Along with the recitation of these names and slogans, musical sounds have resounded in the space of #BlackLivesMatter. From songs written in explicit mourning of lives lost to instrumental tributes to the growing movement, sound has played a significant role in constituting the movement for black lives. There has been, since 2012, a proliferation of songs with lyrics directly inspired by or referencing the movement. Examples include: Daye Jack (ft. Killer Mike)’s “Hands Up,” Lauryn Hill’s “Black Rage,” Taina Asili’s “Freedom,” Aloe Blacc’s “Merry Christmas, Mr. Brown,” Janelle Monáe’s “Hell You Talbout,” JB!! aka Dirty Moses’ “Lights Up,” Beyonce’s “Freedom” and “Formation,” Miguel’s “How Many,” Victoria Monet feat. Ariana Grande’s “Better Days,” Common feat. John Legend’s “Glory,” Macklemore & Ryan Lewis’ “White Privilege II,” Z-Ro and Mike Dean’s “No Justice No Peace,” D’Angelo’s “The Charade,” J. Cole’s “Be Free,” Prince feat. Eryn Allen Kane’s “Baltimore,” The Game’s “Don’t Shoot,” Rhiannon Gidden’s “Cry No More,” Tom Morello’s “Marching on Ferguson,” Usher feat. Nas and Bibi Bourelly’s “Chains,” and Kendrick Lamar’s “Alright.”
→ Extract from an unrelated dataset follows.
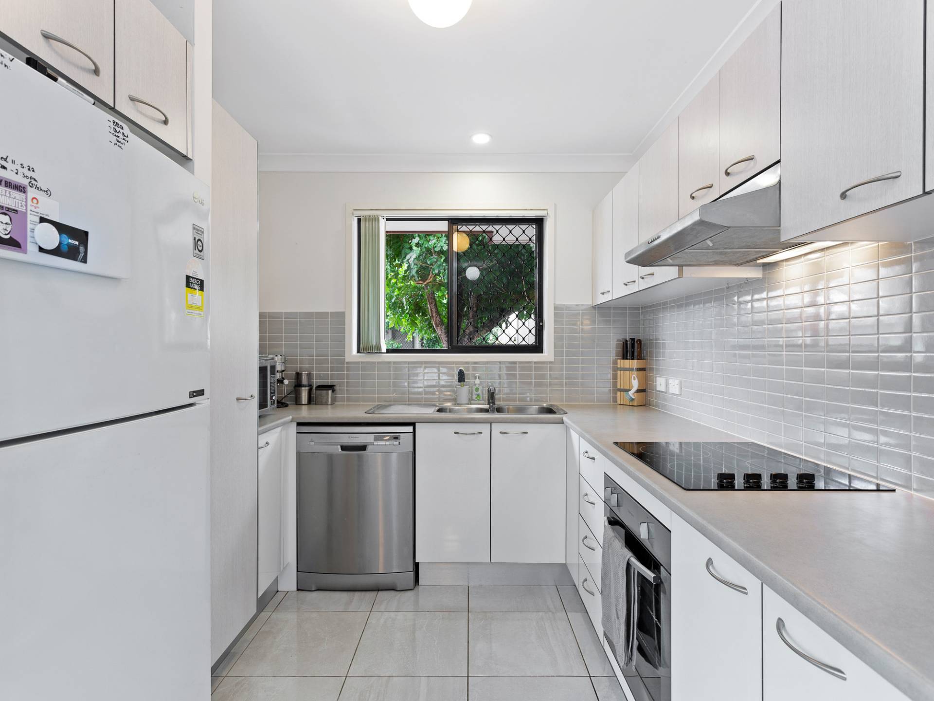 A large modern kitchen with a breakfast bar, electric wall oven, stainless steel range hood, dishwasher, stone bench tops and lots of practical bench space. A spacious court yard has plenty of room for the kids to play and there is a generous family and dining area. Airconditioning in the downstairs living area.

Kamasi Washington and Robert Glasper, both significant jazz instrumentalists, have brought the spirit of resistance into their compositional practice and have spoken directly about their work as reflecting the struggle for black lives (Hunter-Tilney 2016, Ulen 2015). Kamasi Wahington’s recording The Epic (2015) is a personal statement that has resonated as an ode to the black freedom movement (Shatz 2016). Robert Glasper’s aching record Covered (2015) closes with the track “I’m Dying of Thirst,” on which Glasper’s own son and other children recite the names of people who died at the hands of police (Ulen 2015).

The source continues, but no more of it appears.